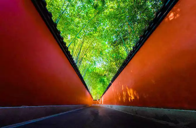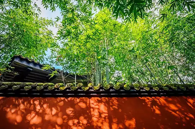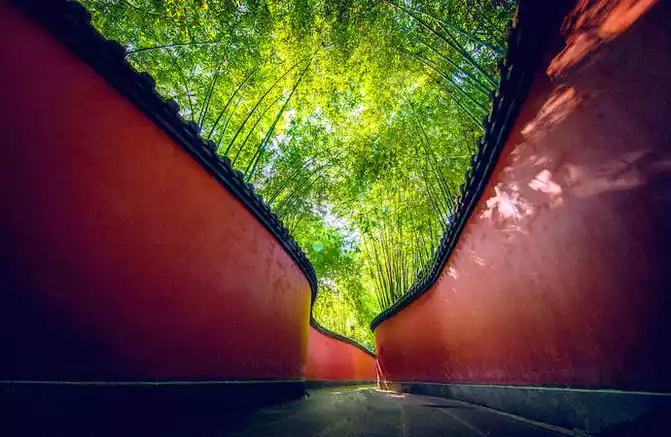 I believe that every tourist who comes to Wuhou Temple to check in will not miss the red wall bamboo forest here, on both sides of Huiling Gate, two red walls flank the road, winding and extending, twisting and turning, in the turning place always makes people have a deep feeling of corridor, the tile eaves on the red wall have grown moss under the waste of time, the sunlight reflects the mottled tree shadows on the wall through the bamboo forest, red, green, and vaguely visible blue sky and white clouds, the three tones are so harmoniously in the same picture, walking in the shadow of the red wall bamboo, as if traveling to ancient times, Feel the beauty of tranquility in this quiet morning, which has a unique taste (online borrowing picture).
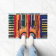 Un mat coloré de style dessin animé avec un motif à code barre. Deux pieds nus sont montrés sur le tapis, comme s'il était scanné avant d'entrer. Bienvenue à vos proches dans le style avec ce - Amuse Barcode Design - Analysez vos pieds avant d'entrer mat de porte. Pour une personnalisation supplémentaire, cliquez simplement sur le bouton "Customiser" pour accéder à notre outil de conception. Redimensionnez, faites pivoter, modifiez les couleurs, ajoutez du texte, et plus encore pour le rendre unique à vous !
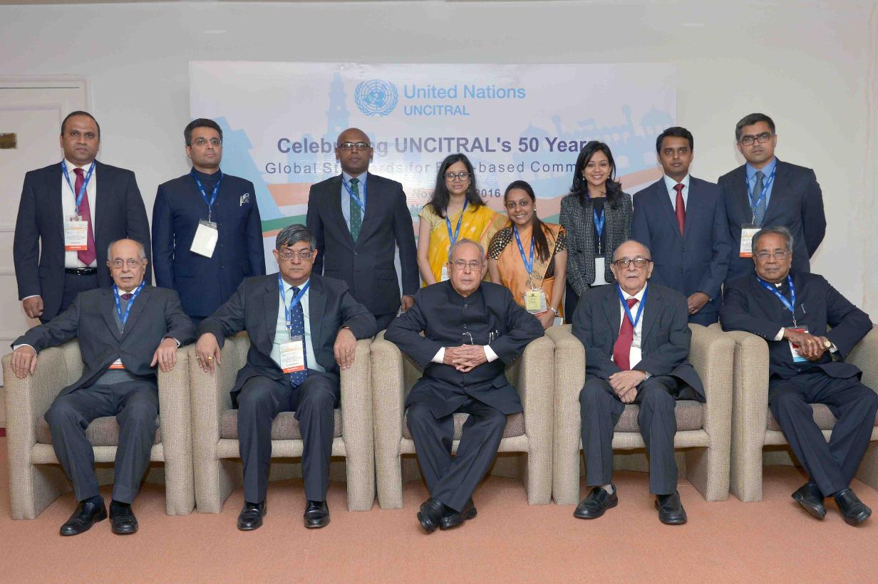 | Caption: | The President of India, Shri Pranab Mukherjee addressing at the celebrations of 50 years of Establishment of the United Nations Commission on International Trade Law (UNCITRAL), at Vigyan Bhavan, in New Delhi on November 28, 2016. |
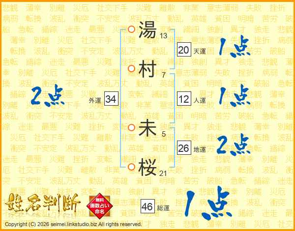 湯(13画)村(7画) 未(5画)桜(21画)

* * * * * * *

Task goal = The required output is the listing above reproduced exactly, pictures removed.

Exercise result =
 I believe that every tourist who comes to Wuhou Temple to check in will not miss the red wall bamboo forest here, on both sides of Huiling Gate, two red walls flank the road, winding and extending, twisting and turning, in the turning place always makes people have a deep feeling of corridor, the tile eaves on the red wall have grown moss under the waste of time, the sunlight reflects the mottled tree shadows on the wall through the bamboo forest, red, green, and vaguely visible blue sky and white clouds, the three tones are so harmoniously in the same picture, walking in the shadow of the red wall bamboo, as if traveling to ancient times, Feel the beauty of tranquility in this quiet morning, which has a unique taste (online borrowing picture).
 Un mat coloré de style dessin animé avec un motif à code barre. Deux pieds nus sont montrés sur le tapis, comme s'il était scanné avant d'entrer. Bienvenue à vos proches dans le style avec ce - Amuse Barcode Design - Analysez vos pieds avant d'entrer mat de porte. Pour une personnalisation supplémentaire, cliquez simplement sur le bouton "Customiser" pour accéder à notre outil de conception. Redimensionnez, faites pivoter, modifiez les couleurs, ajoutez du texte, et plus encore pour le rendre unique à vous !
 | Caption: | The President of India, Shri Pranab Mukherjee addressing at the celebrations of 50 years of Establishment of the United Nations Commission on International Trade Law (UNCITRAL), at Vigyan Bhavan, in New Delhi on November 28, 2016. |
 湯(13画)村(7画) 未(5画)桜(21画)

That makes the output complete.